To use PLSCAN, you only need to set the ``min_samples`` parameter. This
parameter controls how many neighbors are considered when measuring distances
between points. Setting a higher value for ``min_samples`` makes the algorithm
group points into larger, smoother clusters, and usually results in fewer, more
stable clusters.

```python
import numpy as np
import matplotlib.pyplot as plt

from fast_plscan import PLSCAN

data = np.load("docs/data/data.npy")

clusterer = PLSCAN(
  min_samples = 5, # same as in HDBSCAN
).fit(data)

plt.figure()
plt.scatter(
  *data.T, c=clusterer.labels_ % 10, s=5, alpha=0.5, 
  edgecolor="none", cmap="tab10", vmin=0, vmax=9
)
plt.axis("off")
plt.subplots_adjust(left=0, right=1, top=1, bottom=0)
plt.show()
```

![scatterplot](./docs/_static/readme.png)

The algorithm creates a hierarchy of leaf-clusters by changing the minimum
cluster size. As this parameter varies, clusters appear or disappear. For each
minimum cluster size, the algorithm measures how long these leaf-clusters
persist. It then selects the minimum cluster size where the total persistence is
highest, giving the most stable clustering. You can visualize this hierarchy
using the ``leaf_tree_`` attribute, which provides an alternative to HDBSCAN*'s
condensed cluster tree.

```python
clusterer.leaf_tree_.plot(leaf_separation=0.1)
plt.show()
```

![leaf tree](./docs/_static/leaf_tree.png)

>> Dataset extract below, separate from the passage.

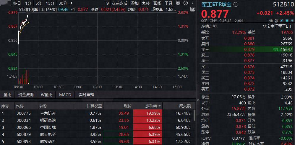 热门ETF方面,军工ETF华宝(512810)直线冲高2.45%,成交额快速突破2100万元。
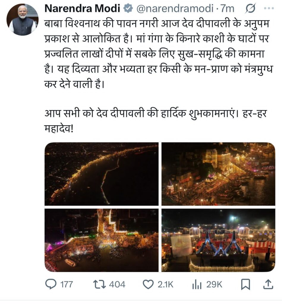 सीएम योगी के दीप जलाते ही काशी के घाटों पर लाखों दीप जलाए गए। वहीं वाराणसी के सांसद एवं देश के प्रधानमंत्री भी खुद को इस भव्यता और दिव्यता से दूर न रख पाए और ऑनलाइन माध्यम से इस देवदीपावली के पर्व को देखा। इसके साथ ही उन्होंने अपने सोशल मीडिया एकाउंट पर देवदीपावली की तस्वीरें सांझा की।

You can also explore how the clustering changes for other important values of
the minimum cluster size. The ``cluster_layers`` method automatically finds the
most persistent clusterings and returns their cluster labels and membership
strengths.

```python
layers = clusterer.cluster_layers(max_peaks=4)
for i, (size, labels, probs) in enumerate(layers):
  plt.subplot(2, 2, i + 1)
  plt.scatter(
    *data.T,
    c=labels % 10,
    alpha=np.maximum(0.1, probs),
    s=1,
    linewidth=0,
    cmap="tab10",
  )
  plt.title(f"min_cluster_size={int(size)}")
  plt.axis("off")
plt.subplots_adjust(left=0, right=1, top=1, bottom=0)
plt.show()
```

![layers](./docs/_static/layers.png)

## Installation instructions

Pre-build binaries are available on [pypi](https://badge.fury.io/py/fast-plscan)
and [conda-forge](https://anaconda.org/conda-forge/fast-plscan), so the package
can be installed with `pip`, `conda`, and similar package managers on most
systems:

```bash
conda install conda-forge::fast-plscan
```
or
```bash
pip install fast_plscan
```

See [our
documentation](https://fast-plscan.readthedocs.io/en/latest/local_development.html)
for instructions on compiling the package locally.

## Citing

When using this work, please cite [our preprint](https://arxiv.org/abs/2512.16558):

```bibtex
@misc{bot2025plscan,
  title         = {Persistent Multiscale Density-based Clustering},
  author        = {Dani{\"{e}}l Bot and Leland McInnes and Jan Aerts},
  year          = {2025},
  eprint        = {2512.16558},
  archiveprefix = {arXiv},
  primaryclass  = {cs.LG},
  url           = {https://arxiv.org/abs/2512.16558}
}
```

## Licensing

The ``fast-plscan`` package has a 3-Clause BSD license.